Mosaic depicting artistic and athletic contests. From a building at Psila Alonia and dated to the late 2nd or early 3rd century CE. Archaeological Museum of Patras.
Mosaic depicting artistic and athletic contests. From a building at Psila Alonia and dated to the late 2nd or early 3rd century CE. Archaeological Museum of Patras.

Firstly, the museum is very modern feeling in its presentation. It is largely divided up thematically, though some of the earlier pre-Roman stuff is kind of in its own area near the beginning. The mosaic collection here is stunning. There are a number of large, well preserved mosaics. Many of these are displayed on the walls, rather than the floor, allowing for a much better appreciation. An upper walkway above the main level of the museum does allow for a better view of those mosaics that are displayed on the ground, though.

Though the mosaics are certainly the highlight of the collection, it also features some great statuary and reliefs as well as various smaller artifacts. A few areas of villas, complete with flooring, as well as some larger funerary monuments have been relocated to the floor of the museum. Another highlight are the evocative skulls from Mycenean burials that preserves various flower and myrtle wreaths made of gold, gold plate, and terracotta still wrapped around the skull.

The museum took me a solid 2 and a half hours to get through. It’s large, but it isn’t jam packed like some museums. They definitely went for quality over quantity here. Nearly all the information here is in Greek and English, and in addition to the museum cards for individual artifacts, there was a lot of general information presented on panels around the museum.


The final stop for Patrae is just up the road (New National Road Patras-Athens) about a half a kilometer north of the museum. In a field on the east side of the street are the remains of a Roman bridge. The bridge was constructed in the 2nd or 3rd century CE , replacing a 1st century CE bridge, and spanned the Ameilichus (modern Milichos or Kallinaos River, which now flows 100 meters south of the bridge). This is the river noted by Pausanias at which occurred human sacrifice to Artemis Triclaria. The bridge was part of the road system between Patrae and Aigion. The bridge actually consists of two separate constructions, an earlier single arch bridge discernible by its stone arch (possibly part of the previous 1st century CE bridge), and a later double arch bridge with brick arches. Some sections of the road paving are visible on top of the bridge. Unfortunately the area is totally fenced off, but the best views of the bridge are from the small road running along the back side of the site.

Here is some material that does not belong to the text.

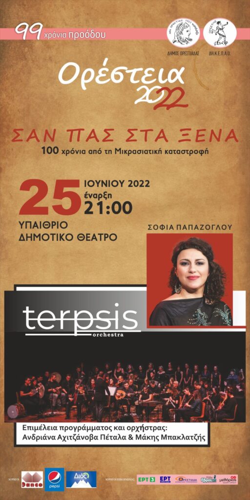 Η πολυμελής ορχήστρα «Terpsis Orchestra» αποτελούμενη από παραδοσιακά όργανα, υπό την επιμέλεια των Ανδριάνα Αχιτζάνοβα και Μάκη Μπακλατζή, σε συνεργασία με την ερμηνεύτρια Σοφία Παπάζογλου, παρουσιάζουν τη μουσική εκδήλωση Σαν πας στα ξένα. Η εκδήλωση αποτελεί ένα μουσικό αφιέρωμα για τα εκατό χρόνια από τη μικρασιατική καταστροφή, με τραγούδια και παραδοσιακούς σκοπούς με θεματολογία τη ζωή στη Σμύρνη, την μεγάλη καταστροφή και την προσφυγιά. Ένα μουσικό ταξίδι πίσω στο χρόνο που ζωντανεύει μνήμες, εικόνες και ήχους από τη Μικρά Ασία.
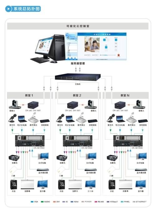 ‘化繁為簡,將控制簡單化、一鍵化”是CREATOR快捷高標(biāo)清混合平臺(tái)云中控系統(tǒng)的最高使命!該系統(tǒng)是專為教育行業(yè)度身定制,可實(shí)現(xiàn)對(duì)所有教室設(shè)備的網(wǎng)絡(luò)式集中管理監(jiān)控,如上課前遠(yuǎn)程開啟設(shè)備、下課后遠(yuǎn)程關(guān)閉設(shè)備、監(jiān)控所有教室設(shè)備的具體狀態(tài),如:燈光開關(guān)、投影機(jī)開關(guān)、投影機(jī)燈泡壽命、設(shè)備安防報(bào)警等等。而為了滿足不同課室的差異性,CREATOR快捷網(wǎng)絡(luò)型高標(biāo)清混合主機(jī)CR-NET2000采用插卡式設(shè)計(jì),支持VGA輸入、DVI輸入及HDMI輸入,客戶可以靈活使用輸入和輸出卡視頻接口類型。輸入卡最多可以插4張,輸出卡最多可以插3張;其相對(duì)應(yīng)的音頻和MIC一同切換。

It appears as if the whole thing was once actually open, as there is an informational sign that would have been visible from inside, but can’t be read from outside the fence.

The remains of Patrae can probably be done in a single day. It actually took me a little bit more than a day (I did the aqueduct park first thing in the morning the day I left) because I walked everywhere (as I mentioned in the first post, traffic and parking in the city was a bit hectic) and the entrance sites were a bit spread out. Taking a car out to the archaeological museum and bridge, and to the aqueduct stuff would probably allow for everything to be done well within a single day.